No, that's not some grainy image coming into focus - that's a [Monte Carlo simulation](https://en.wikipedia.org/wiki/Monte_Carlo_method) approximating the value of $\pi$ (`r pi`...).

## What is Monte Carlo simulation?

### Basic idea

Monte Carlo simulation uses (pseudo)random numbers to solve (not-so-random) problems. The general approach goes like this:

- Run a series of trials.
- In each trial, simulate an event (e.g. a coin toss, a dice roll, etc.).
- Count the number of successful trials.
- Guess that the Expected Odds $\simeq$ Observed Odds = $\frac{\text{\# Successful Trials}}{\text{\# Total Trials}}$

For many applications, Monte Carlo simulations result in a sufficiently accurate result with a reasonable amount of trials (~ 100,000). You can always improve your accuracy with more trials, but that comes at the expense of increased run time. To summarize:

1. As # of trials increases, observed odds --> expected odds.
2. More trials --> more accurate (+ more time).

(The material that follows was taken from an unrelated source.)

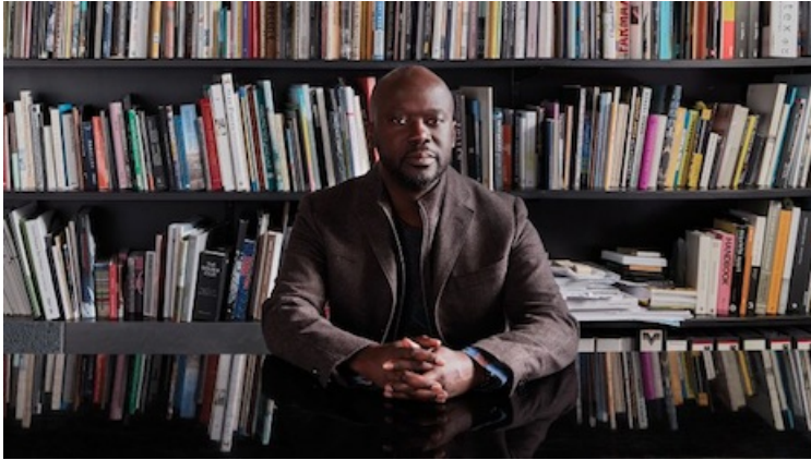
Sir David Adjaye.

"Together with the limited edition SUVs that come with these units, we've created a truly unique signature that blends our two disciplines," Mr. Adjaye said.

### Why the name "Monte Carlo"?

The name "Monte Carlo" comes from the (pseudo)random nature of the simulation process. Running a series of trials is similar to how many gambling games work in casinos, and [Monte Carlo](https://en.wikipedia.org/wiki/Monte_Carlo) is famous for gambling. Of course, in the casinos the odds are always slightly in the favor of the house, so after millions of trials the odds are that the house will win more money than the gamblers.

### Why even do this?

Many problems have "closed-form" solutions, meaning they can be solved with math alone. But there are also many problems for which no known closed-form solution exists. Integration is a classic example - there are many integrals for which a purely mathematical solution cannot be determined. However, solutions can be _approximated_ using simulation.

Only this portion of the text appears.